Every record below, from the first line to the last, is to be set down again exactly.

* **Collected data entries**:
▬▬▬▬▬▬
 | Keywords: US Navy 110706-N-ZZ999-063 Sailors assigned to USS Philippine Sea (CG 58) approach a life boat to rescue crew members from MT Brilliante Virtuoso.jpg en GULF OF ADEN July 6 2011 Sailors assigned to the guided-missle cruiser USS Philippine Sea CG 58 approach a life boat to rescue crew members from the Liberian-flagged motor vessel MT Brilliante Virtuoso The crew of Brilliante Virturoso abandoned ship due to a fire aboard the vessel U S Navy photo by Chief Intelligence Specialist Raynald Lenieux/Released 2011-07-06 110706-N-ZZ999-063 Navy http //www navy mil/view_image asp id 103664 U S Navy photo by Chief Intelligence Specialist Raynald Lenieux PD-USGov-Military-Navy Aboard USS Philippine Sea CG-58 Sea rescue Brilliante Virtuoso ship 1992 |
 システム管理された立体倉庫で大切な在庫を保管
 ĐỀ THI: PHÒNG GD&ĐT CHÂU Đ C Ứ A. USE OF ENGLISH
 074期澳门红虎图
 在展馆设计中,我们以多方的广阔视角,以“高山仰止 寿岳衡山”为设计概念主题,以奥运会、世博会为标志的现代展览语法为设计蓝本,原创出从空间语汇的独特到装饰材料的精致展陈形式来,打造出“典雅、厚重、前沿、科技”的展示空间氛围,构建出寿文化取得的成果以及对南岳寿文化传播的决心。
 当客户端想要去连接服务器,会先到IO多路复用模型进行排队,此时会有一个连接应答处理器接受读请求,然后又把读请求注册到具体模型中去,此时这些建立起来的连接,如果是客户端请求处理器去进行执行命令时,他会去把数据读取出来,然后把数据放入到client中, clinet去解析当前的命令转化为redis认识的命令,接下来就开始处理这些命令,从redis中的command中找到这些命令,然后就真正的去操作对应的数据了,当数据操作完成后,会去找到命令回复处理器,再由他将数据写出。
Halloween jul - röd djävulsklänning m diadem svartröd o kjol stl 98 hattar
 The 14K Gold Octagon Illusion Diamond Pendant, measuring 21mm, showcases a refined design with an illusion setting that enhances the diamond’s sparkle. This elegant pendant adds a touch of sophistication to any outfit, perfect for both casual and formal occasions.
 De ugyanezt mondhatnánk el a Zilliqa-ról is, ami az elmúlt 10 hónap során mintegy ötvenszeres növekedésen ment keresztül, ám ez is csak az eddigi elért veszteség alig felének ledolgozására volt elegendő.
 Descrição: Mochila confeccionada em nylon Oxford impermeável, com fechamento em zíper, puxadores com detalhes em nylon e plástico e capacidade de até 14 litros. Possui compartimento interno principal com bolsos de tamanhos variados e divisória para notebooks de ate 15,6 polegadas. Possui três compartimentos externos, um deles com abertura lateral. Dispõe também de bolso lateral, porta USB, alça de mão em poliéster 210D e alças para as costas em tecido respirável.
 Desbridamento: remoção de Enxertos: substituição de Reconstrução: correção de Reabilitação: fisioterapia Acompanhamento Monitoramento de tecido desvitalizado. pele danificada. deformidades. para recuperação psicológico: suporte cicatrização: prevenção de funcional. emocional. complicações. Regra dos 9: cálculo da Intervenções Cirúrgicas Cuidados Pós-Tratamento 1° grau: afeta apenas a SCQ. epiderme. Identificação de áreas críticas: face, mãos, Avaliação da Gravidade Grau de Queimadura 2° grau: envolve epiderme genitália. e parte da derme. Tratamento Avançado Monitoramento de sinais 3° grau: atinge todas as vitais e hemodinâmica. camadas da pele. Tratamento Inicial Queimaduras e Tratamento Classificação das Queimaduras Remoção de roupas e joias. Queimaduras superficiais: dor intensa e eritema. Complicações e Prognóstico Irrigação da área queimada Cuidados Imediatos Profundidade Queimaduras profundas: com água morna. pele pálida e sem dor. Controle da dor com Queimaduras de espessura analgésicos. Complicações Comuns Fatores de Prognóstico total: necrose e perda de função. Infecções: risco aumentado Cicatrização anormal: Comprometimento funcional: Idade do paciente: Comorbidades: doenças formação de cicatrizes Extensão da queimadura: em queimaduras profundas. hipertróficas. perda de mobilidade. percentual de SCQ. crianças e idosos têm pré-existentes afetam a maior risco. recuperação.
▬▬▬▬▬▬
* **Task result**:
 | Keywords: US Navy 110706-N-ZZ999-063 Sailors assigned to USS Philippine Sea (CG 58) approach a life boat to rescue crew members from MT Brilliante Virtuoso.jpg en GULF OF ADEN July 6 2011 Sailors assigned to the guided-missle cruiser USS Philippine Sea CG 58 approach a life boat to rescue crew members from the Liberian-flagged motor vessel MT Brilliante Virtuoso The crew of Brilliante Virturoso abandoned ship due to a fire aboard the vessel U S Navy photo by Chief Intelligence Specialist Raynald Lenieux/Released 2011-07-06 110706-N-ZZ999-063 Navy http //www navy mil/view_image asp id 103664 U S Navy photo by Chief Intelligence Specialist Raynald Lenieux PD-USGov-Military-Navy Aboard USS Philippine Sea CG-58 Sea rescue Brilliante Virtuoso ship 1992 |
 システム管理された立体倉庫で大切な在庫を保管
 ĐỀ THI: PHÒNG GD&ĐT CHÂU Đ C Ứ A. USE OF ENGLISH
 074期澳门红虎图
 在展馆设计中,我们以多方的广阔视角,以“高山仰止 寿岳衡山”为设计概念主题,以奥运会、世博会为标志的现代展览语法为设计蓝本,原创出从空间语汇的独特到装饰材料的精致展陈形式来,打造出“典雅、厚重、前沿、科技”的展示空间氛围,构建出寿文化取得的成果以及对南岳寿文化传播的决心。
 当客户端想要去连接服务器,会先到IO多路复用模型进行排队,此时会有一个连接应答处理器接受读请求,然后又把读请求注册到具体模型中去,此时这些建立起来的连接,如果是客户端请求处理器去进行执行命令时,他会去把数据读取出来,然后把数据放入到client中, clinet去解析当前的命令转化为redis认识的命令,接下来就开始处理这些命令,从redis中的command中找到这些命令,然后就真正的去操作对应的数据了,当数据操作完成后,会去找到命令回复处理器,再由他将数据写出。
Halloween jul - röd djävulsklänning m diadem svartröd o kjol stl 98 hattar
 The 14K Gold Octagon Illusion Diamond Pendant, measuring 21mm, showcases a refined design with an illusion setting that enhances the diamond’s sparkle. This elegant pendant adds a touch of sophistication to any outfit, perfect for both casual and formal occasions.
 De ugyanezt mondhatnánk el a Zilliqa-ról is, ami az elmúlt 10 hónap során mintegy ötvenszeres növekedésen ment keresztül, ám ez is csak az eddigi elért veszteség alig felének ledolgozására volt elegendő.
 Descrição: Mochila confeccionada em nylon Oxford impermeável, com fechamento em zíper, puxadores com detalhes em nylon e plástico e capacidade de até 14 litros. Possui compartimento interno principal com bolsos de tamanhos variados e divisória para notebooks de ate 15,6 polegadas. Possui três compartimentos externos, um deles com abertura lateral. Dispõe também de bolso lateral, porta USB, alça de mão em poliéster 210D e alças para as costas em tecido respirável.
 Desbridamento: remoção de Enxertos: substituição de Reconstrução: correção de Reabilitação: fisioterapia Acompanhamento Monitoramento de tecido desvitalizado. pele danificada. deformidades. para recuperação psicológico: suporte cicatrização: prevenção de funcional. emocional. complicações. Regra dos 9: cálculo da Intervenções Cirúrgicas Cuidados Pós-Tratamento 1° grau: afeta apenas a SCQ. epiderme. Identificação de áreas críticas: face, mãos, Avaliação da Gravidade Grau de Queimadura 2° grau: envolve epiderme genitália. e parte da derme. Tratamento Avançado Monitoramento de sinais 3° grau: atinge todas as vitais e hemodinâmica. camadas da pele. Tratamento Inicial Queimaduras e Tratamento Classificação das Queimaduras Remoção de roupas e joias. Queimaduras superficiais: dor intensa e eritema. Complicações e Prognóstico Irrigação da área queimada Cuidados Imediatos Profundidade Queimaduras profundas: com água morna. pele pálida e sem dor. Controle da dor com Queimaduras de espessura analgésicos. Complicações Comuns Fatores de Prognóstico total: necrose e perda de função. Infecções: risco aumentado Cicatrização anormal: Comprometimento funcional: Idade do paciente: Comorbidades: doenças formação de cicatrizes Extensão da queimadura: em queimaduras profundas. hipertróficas. perda de mobilidade. percentual de SCQ. crianças e idosos têm pré-existentes afetam a maior risco. recuperação.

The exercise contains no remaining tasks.